By Malorye A. Branca
October 15, 2002 | Proteomics pioneer Ruedi Aebersold has released a new software tool that promises to help the field avoid some of the consistency issues that have plagued gene expression analysis.
Researchers led by Aebersold at the Seattle, Wash.-based Institute for Systems Biology (ISB) have developed a novel program that judges the accuracy of peptide sequence matches made by database search algorithms for tandem mass spectrometry data. A paper describing the program and a study in which it was tested were posted online at the American Chemical Society’s Analytical Chemistry Web site in August. Aebersold, who would like to see the tool become a standard for identifying proteins, is a co-founder of the ISB and a faculty member there.
This program addresses a key step in proteomics. The data produced by mass spectrometers are spectra that represent different protein fragments, or peptides, found in a biological sample. That information can be used to identify the proteins, if the peptides can be accurately matched to a protein sequence.
Several programs, including SEQUEST, Mascot, and Sonar, can make peptide assignments. These algorithms pore through the peptides in specific databases and evaluate their fit against each spectrum.
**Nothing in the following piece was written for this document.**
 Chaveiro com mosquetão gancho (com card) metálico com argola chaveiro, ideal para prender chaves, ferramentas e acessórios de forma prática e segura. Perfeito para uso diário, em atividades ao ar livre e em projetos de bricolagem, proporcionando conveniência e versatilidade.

The most likely fits are reported, but there is no widely accepted way to evaluate the accuracy of these matches.
The new ISB software employs a supervised, learned approach called Expectation-Maximization that allows the program to “teach” itself what constitutes a good match versus a bad one. “We borrowed heavily from the experience of the sequencing community in doing this,” says Aebersold.
The process is relatively straightforward. “Our program takes the assigned peptide sequence and score for each spectrum in a data set, and then calculates the probability that each of those assignments is correct,” says Andrew Keller, ISB research scientist and co-first author on the study. The software can be downloaded from the ISB Web site.
“This program saves a lot of time, since you can be certain that the matches with a high probability score are real,” says Aebersold. “If everyone in the community was using this, it would essentially standardize what it means to have a protein identified.” He has recently been trying to rally support for proteomics data standards.
That’s no small matter. Gene expression data, for example, are plagued by consistency issues, because of the large number of different types of chips and analytical methods. “This is one of the central issues in proteomics,” says Ken Miller, proteomics product marketing manager at ThermoFinnigan, in San Jose, Calif. “We have this great instrumentation, but it generates spectra and the job is making heads or tails of these lists [of peptides sequences].”
Such standards will be particularly important as proteomics researchers move away from studies focused on identifying the proteins in a single sample, and begin to do more experiments that involve sample-to-sample comparisons.
Although this is the first widely available program of its kind, other groups are developing similar software. “We have a very significant effort along those lines,” says Miller.
Standards are always a contentious topic, and debate will surely arise about whether the ISB group’s software should become the method of choice. But the idea of a standard is widely regarded as a good one.
“Everyone’s life would be much simpler if there was a standard means of identifying proteins,” says Miller. Informax Inc.’s CEO Andrew Whiteley concurs, “The emergence of standards will drive informatics in the future, because people want to compare and contrast results from different experiments.”
A. Keller, A.I. Nesvizhskii, E. Kolker, & R. Aebuersold. “Empirical statistical model to estimate the accuracy of Peptide Identifications made by MS/MS and Database Search.”